■ Task requirements
Without any images, output the records below verbatim.

Source data
┄┄┄┄┄┄┄┄┄┄
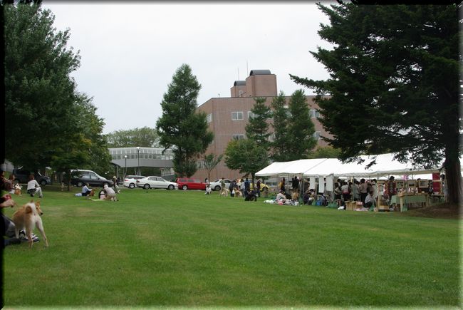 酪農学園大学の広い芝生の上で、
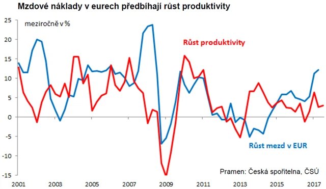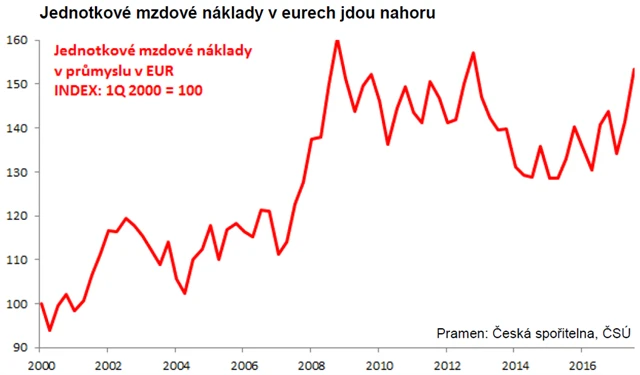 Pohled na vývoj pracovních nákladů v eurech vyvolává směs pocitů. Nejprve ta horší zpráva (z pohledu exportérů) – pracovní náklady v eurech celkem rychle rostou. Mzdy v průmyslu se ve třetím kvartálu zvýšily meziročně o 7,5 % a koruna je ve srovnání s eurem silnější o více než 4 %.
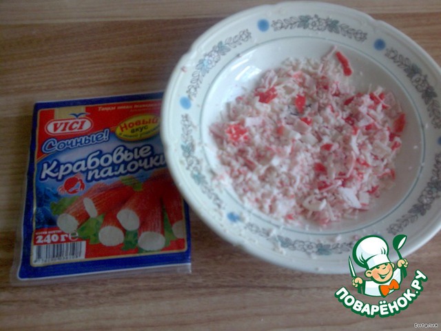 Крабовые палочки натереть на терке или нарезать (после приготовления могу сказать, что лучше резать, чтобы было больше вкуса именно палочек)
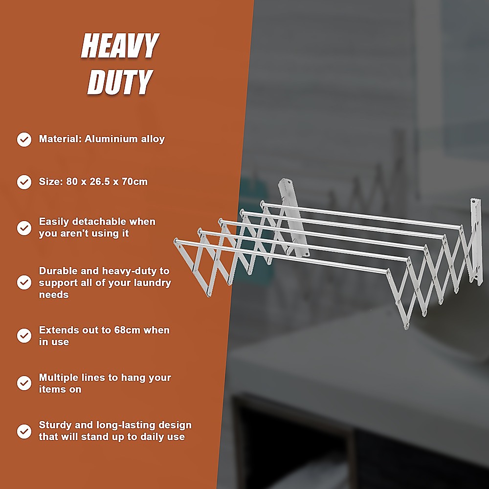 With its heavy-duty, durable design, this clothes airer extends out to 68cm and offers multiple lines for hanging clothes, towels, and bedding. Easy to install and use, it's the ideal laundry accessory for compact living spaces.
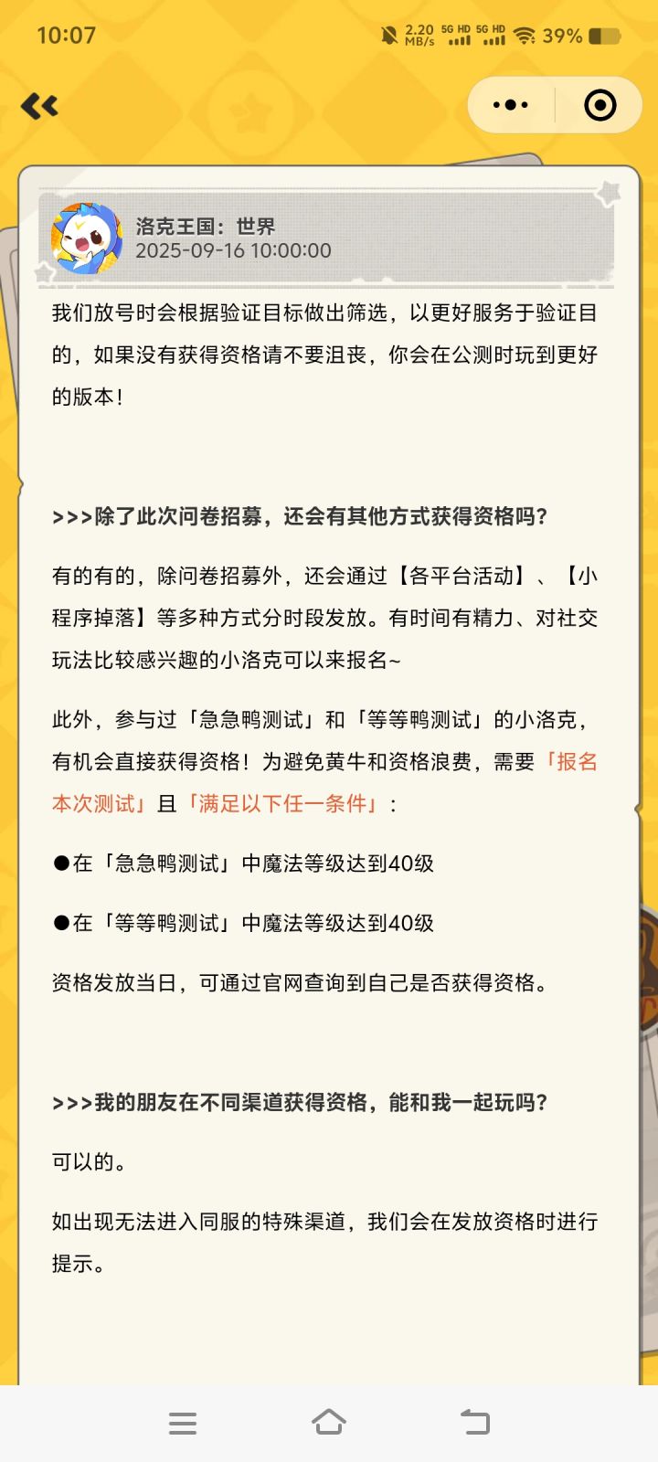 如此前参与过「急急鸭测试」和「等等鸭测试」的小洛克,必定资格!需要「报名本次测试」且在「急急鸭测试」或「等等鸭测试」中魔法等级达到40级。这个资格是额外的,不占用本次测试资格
┄┄┄┄┄┄┄┄┄┄
■ Answer section
 酪農学園大学の広い芝生の上で、
 Pohled na vývoj pracovních nákladů v eurech vyvolává směs pocitů. Nejprve ta horší zpráva (z pohledu exportérů) – pracovní náklady v eurech celkem rychle rostou. Mzdy v průmyslu se ve třetím kvartálu zvýšily meziročně o 7,5 % a koruna je ve srovnání s eurem silnější o více než 4 %.
 Крабовые палочки натереть на терке или нарезать (после приготовления могу сказать, что лучше резать, чтобы было больше вкуса именно палочек)
 With its heavy-duty, durable design, this clothes airer extends out to 68cm and offers multiple lines for hanging clothes, towels, and bedding. Easy to install and use, it's the ideal laundry accessory for compact living spaces.
 如此前参与过「急急鸭测试」和「等等鸭测试」的小洛克,必定资格!需要「报名本次测试」且在「急急鸭测试」或「等等鸭测试」中魔法等级达到40级。这个资格是额外的,不占用本次测试资格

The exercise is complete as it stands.